Dans un univers sportif encore majoritairement masculin, Bah Rabiatou a choisi une place qui exige autorité, maîtrise de soi et impartialité : celle d’arbitre de football. De Kamsar à Conakry, son parcours raconte la détermination d’une jeune Guinéenne qui rêve désormais de porter les couleurs de son pays sur les plus grandes scènes du football africain et mondial.
Le football est entré tôt dans la vie de Bah Rabiatou. Née en 2001 à Kamsar, dans la région de Boké, et originaire de Satina, dans la préfecture de Labé, elle découvre le ballon rond entre Kamsar et Sangarédi.
Elle commence comme joueuse avant qu’un enseignant, Monsieur Sow, ne l’oriente vers une autre voie : l’arbitrage.
Le pari peut surprendre. Pourtant, Rabiatou accepte le défi. En 2016, à Sangarédi, elle commence officiellement son parcours d’arbitre.

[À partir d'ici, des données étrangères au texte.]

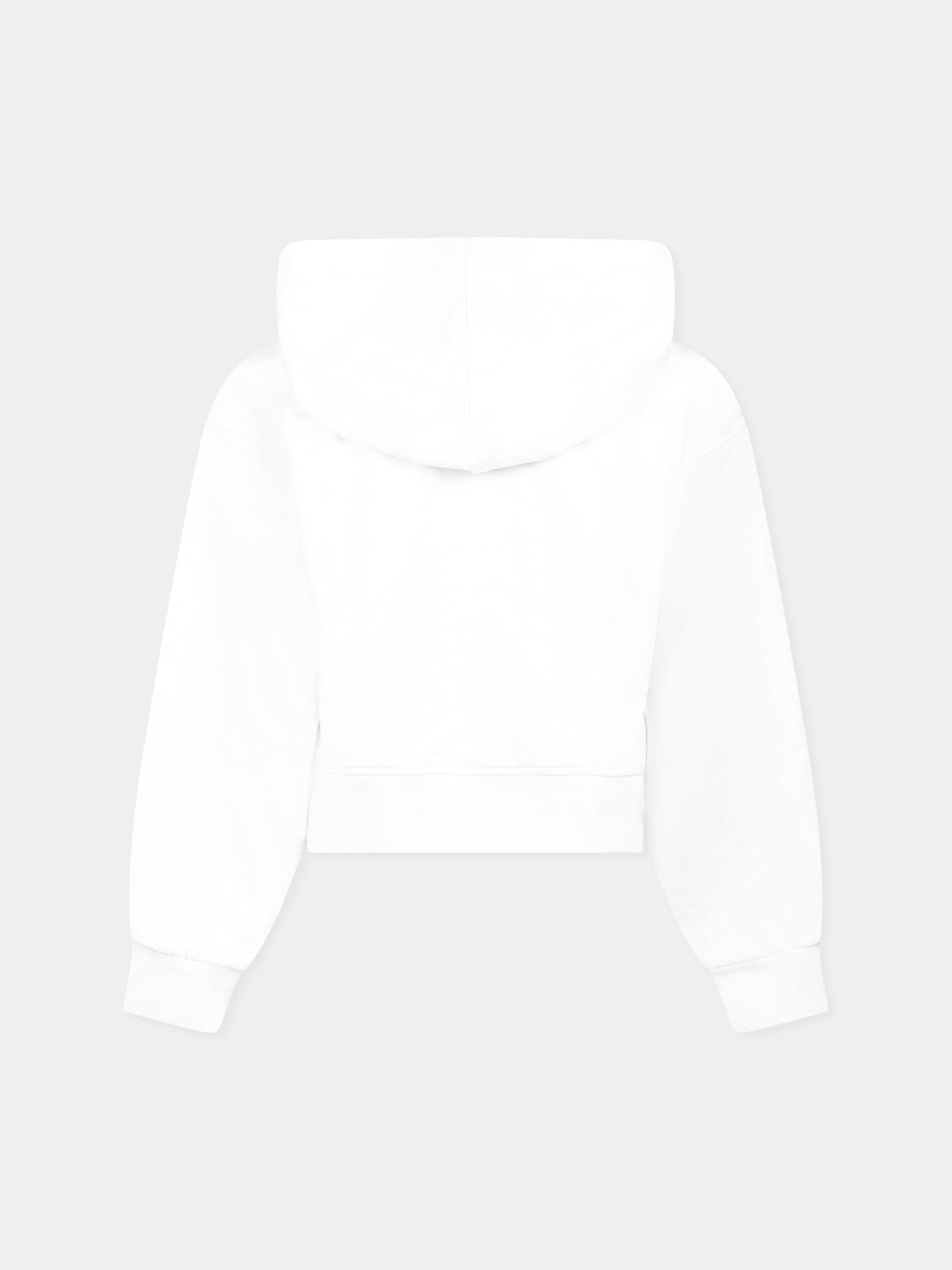 Felpa crop bianca per bambina con logo e strass
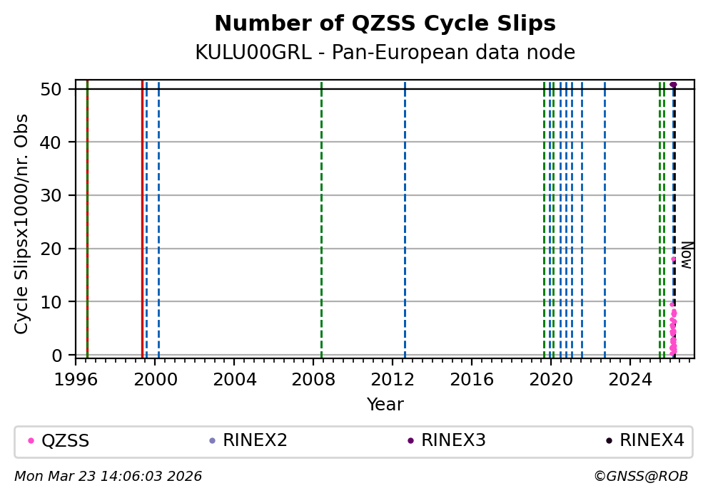 Red vertical lines, green and blue vertical dotted lines indicate respectively a change of antenna, receiver or receiver configuration (including firmware) as indicated by the station manager in the station site log available from the M3G GNSS Metadata Catalog. The purple points in the top of the plot indicate the daily RINEX data availability at the data node.

S’imposer dans un milieu exigeant
Le chemin n’a cependant rien d’évident. Pour une jeune femme issue d’une famille religieuse et traditionaliste, choisir l’arbitrage demande de la détermination.
À Conakry, où elle décide de poursuivre sa progression, elle découvre un environnement plus compétitif. La timidité qui la caractérisait laisse progressivement place à davantage d’assurance.
Car arbitrer, c’est aussi savoir décider. Sur un terrain, l’arbitre doit appliquer les lois du jeu, rester impartial et assumer ses décisions devant les joueurs, les entraîneurs et le public.
Rabiatou s’impose donc une discipline personnelle : travailler davantage, multiplier les formations et améliorer sa condition physique.
Le sifflet comme outil d’émancipation
Son parcours dépasse ainsi le cadre sportif. À travers l’arbitrage, Bah Rabiatou entend démontrer que les femmes peuvent également occuper des fonctions de responsabilité dans le football.
Ses différentes formations et expériences en Guinée et dans la sous-région lui permettent de renforcer ses connaissances des lois du jeu et d’acquérir progressivement l’expérience nécessaire aux compétitions de haut niveau.
Aujourd’hui, ses objectifs sont clairement définis : atteindre l’élite de l’arbitrage africain et, pourquoi pas, officier un jour lors d’une Coupe d’Afrique des Nations ou d’une Coupe du Monde.
Son ambition est grande, mais son parcours rappelle surtout qu’une carrière peut parfois naître d’une simple rencontre. Pour Bah Rabiatou, cette rencontre fut celle avec son enseignant à Sangarédi.
Quelques années après ses premiers coups de sifflet, la jeune arbitre poursuit sa route avec le même objectif : progresser, gagner en expérience et faire du sifflet un instrument d’excellence.